Segment Open

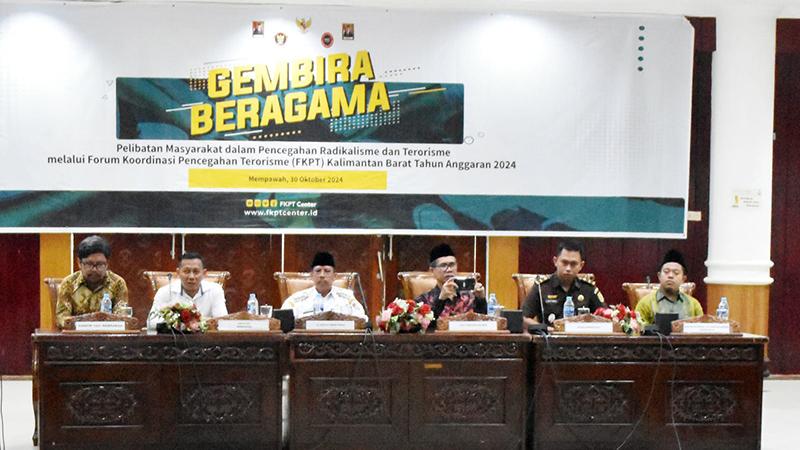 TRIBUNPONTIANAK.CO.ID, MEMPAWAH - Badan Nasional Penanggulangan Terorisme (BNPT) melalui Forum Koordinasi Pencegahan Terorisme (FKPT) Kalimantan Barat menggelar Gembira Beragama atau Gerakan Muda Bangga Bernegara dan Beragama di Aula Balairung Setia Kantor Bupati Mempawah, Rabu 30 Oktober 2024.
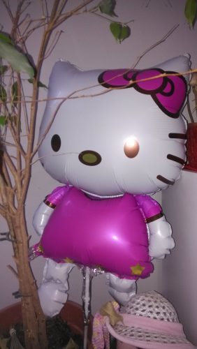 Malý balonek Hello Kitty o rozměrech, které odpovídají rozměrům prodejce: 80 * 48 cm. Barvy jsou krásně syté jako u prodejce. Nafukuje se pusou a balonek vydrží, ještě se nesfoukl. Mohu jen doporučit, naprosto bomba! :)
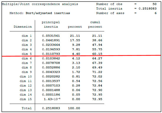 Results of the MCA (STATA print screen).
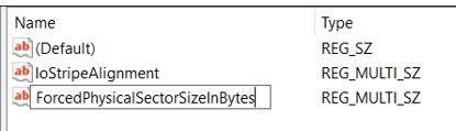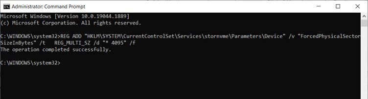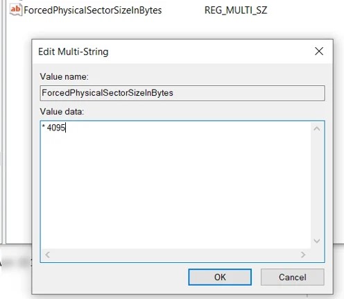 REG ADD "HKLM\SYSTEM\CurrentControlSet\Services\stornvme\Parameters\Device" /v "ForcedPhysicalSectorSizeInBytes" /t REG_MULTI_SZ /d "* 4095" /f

Segment Closed
Segment Open

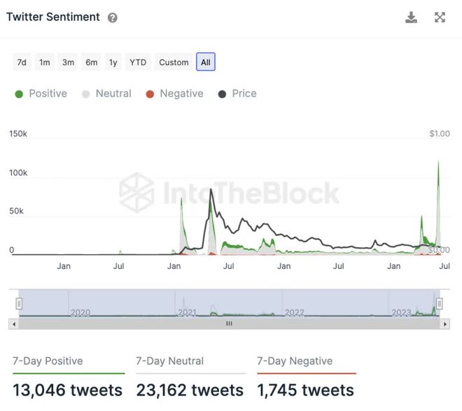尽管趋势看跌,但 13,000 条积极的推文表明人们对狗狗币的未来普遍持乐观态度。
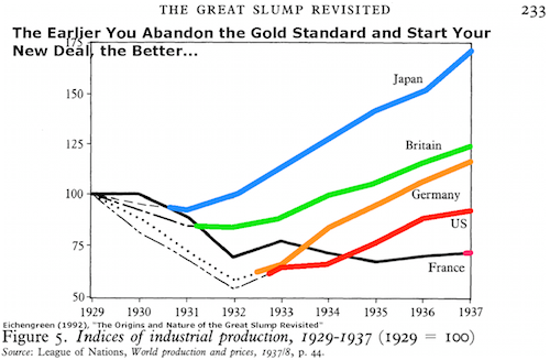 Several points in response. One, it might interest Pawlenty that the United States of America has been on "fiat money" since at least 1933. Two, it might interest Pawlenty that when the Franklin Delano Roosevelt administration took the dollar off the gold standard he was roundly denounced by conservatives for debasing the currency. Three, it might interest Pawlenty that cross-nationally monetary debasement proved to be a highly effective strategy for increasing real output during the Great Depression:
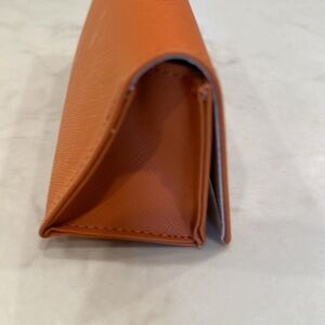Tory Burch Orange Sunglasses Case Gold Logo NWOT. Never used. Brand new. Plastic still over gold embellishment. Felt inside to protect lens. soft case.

Segment Closed
Segment Open

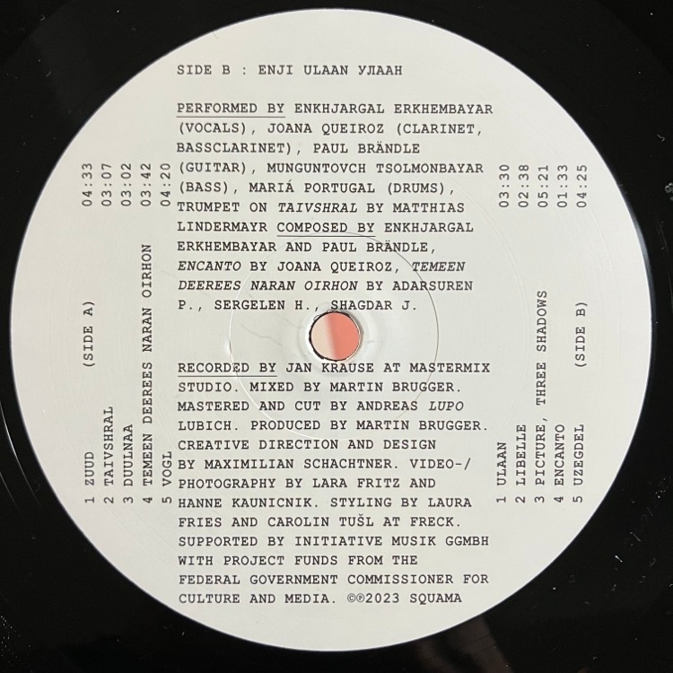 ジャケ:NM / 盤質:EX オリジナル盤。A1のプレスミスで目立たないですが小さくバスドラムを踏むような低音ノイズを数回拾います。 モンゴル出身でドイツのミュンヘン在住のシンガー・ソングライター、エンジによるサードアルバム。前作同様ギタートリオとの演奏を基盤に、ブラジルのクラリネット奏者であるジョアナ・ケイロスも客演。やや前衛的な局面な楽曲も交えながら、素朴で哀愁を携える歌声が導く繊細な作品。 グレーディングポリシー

Segment Closed

# Task prompt
Within the entries above, the lines from the one containing "Several points in" through the one containing "Tory Burch Orange" are to be transcribed exactly, ends included, pictures excluded.

# Reply
 Several points in response. One, it might interest Pawlenty that the United States of America has been on "fiat money" since at least 1933. Two, it might interest Pawlenty that when the Franklin Delano Roosevelt administration took the dollar off the gold standard he was roundly denounced by conservatives for debasing the currency. Three, it might interest Pawlenty that cross-nationally monetary debasement proved to be a highly effective strategy for increasing real output during the Great Depression:
Tory Burch Orange Sunglasses Case Gold Logo NWOT. Never used. Brand new. Plastic still over gold embellishment. Felt inside to protect lens. soft case.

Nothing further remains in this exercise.